Talk:First normal form
From Wikipedia, the free encyclopedia
Contents |
[edit] Primary keys with informational content
A commonly overlooked violation of 1NF is building intelligence into an identifier. The VIN for an automobile is not atomic, besides a sequence number it contains:
1) A code identifying the region where the vehicle was manufactured;
2) A code identifying the manufacturer;
3) Several codes identifying attributes of the vehicle;
4) A code indicating the vehicle model year;
5) A code indicating the plant where the vehicle was made;
Sadly, the VIN is probably the primary key to many tables in existence today. Business persons have a natural tendency to build inteligent keys. There is no mention of this in the main article, it only addresses the classic textbook example of eliminating redundant columns. Mooredc 17:56, 16 August 2006 (UTC)

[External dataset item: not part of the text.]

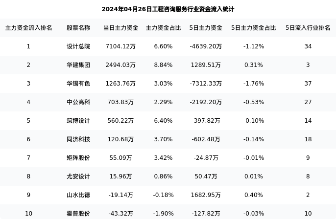 从主力资金流向来看,工程咨询服务行业今日主力资金流入39.61亿元,在所有申万二级行业中排名:96/131。

- GUIDs contain (or, did in the past) a mac address and a timestamp, does that make a GUID a bad key? Isn’t the question more to do with whether that “intelligence” is actually used for anything? —Random832 20:33, 19 September 2007 (UTC)
-
- In August 2006 when Mooredc wrote this, the article did not contain a section on atomicity; now it does, and hopefully it gives a sense of why Date and others consider it a mistake to hang one's definition of 1NF on the notion of atomicity. 1NF aside, there are many situations in which building "intelligence" into a domain - particularly when it's a primary key column's domain - is a bad idea. If CAR_ID = "RED16", and the "RED" substring refers to the colour of the car in question, then we have a dilemma when someone paints the car blue. The identifier isn't much of an identifier if we are compelled to alter its value from time to time; on the other hand, if we keep its value the same in these types of situations, its meaning becomes muddled. Further, if knowing the colour of the car is important, we may as well expose the colour to the RDBMS by making the colour a column in its own right. You are exactly right when you say that what matters is whether the intelligence is used for anything - if it is, we get problems of the type described; if it isn't, we don't. --Nabav 22:03, 2 October 2007 (UTC)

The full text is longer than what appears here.